The author also explores the dark division of his Western heart. He invokes Kierkegaard's "sickness of infinitude" and looks back wistfully to a presumed time when ancient mystics and so-called children of nature were said to view existence as whole, seamless cloth. Matthiessen skillfully condenses philosophies, religions and ideas, but pays for stylistic niceties with oversimplifications. To write, as he does, that "the advent of the industrial revolution made new barbarians of the peoples of the West" says nothing about the old barbarians who existed in those fabled holistic ages. Was there ever really a time when mankind did not "industrialize"--make tools and weapons, use them for both good and evil, and organize restricting authorities when survival or fear demanded?

Matthiessen's excursions into intellectual history and "one's true nature" distract from his sensuous descriptions of nature, and his discourses on Zen often get in the way of his personal reflections. He bears his pilgrim's burden with melancholy dignity, but, ironically, his book lacks an essential Zen element: wit, the lightness of touch that is absolutely necessary when jiggling the web of paradoxes nature has stretched across its secrets.

--R.Z. Sheppard

Excerpt

"The trail meets the Suli Gad high up the valley in grottoes of bronze-lichened boulders and a shady riverside of pine and walnut and warm banks of fern. Where morning sun lights the red leaves and the dark still conifers, the river sparkles in the forest shad ow; turquoise and white, it thunders past spray-shined boulders, foaming pools, in a long rocky chute of broken rapids.

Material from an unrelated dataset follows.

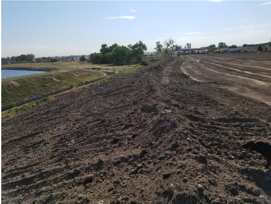
Figure 5. Regraded northern pit slopes.

In the cold breath of the torrent, the dry air is softened by mist; this water trickled through the snow under last night's stars. At the head of the waterfall, downstream, its sparkle leaps into the air, leaps at the sun, and sunrays are tumbled in the luminescent waves that dance against the snows of southern mountains. Upstream, in the inner canyon, dark silences are deepened by the roar of stones. Something is listening, and I listen, too: who is it that intrudes here? Who is breathing? I pick a fern to see its spores, cast it away, and am filled in that instant with misgiving: the great sins, so the Sherpas say, are to pick wildflowers and to threaten children. My voice murmurs its regret, a strange sound that deepens the intrusion. I look about me -- who is it that spoke? And who is listening? Who is this 'I' that is not always me? The voice of a solitary bird asks the same question."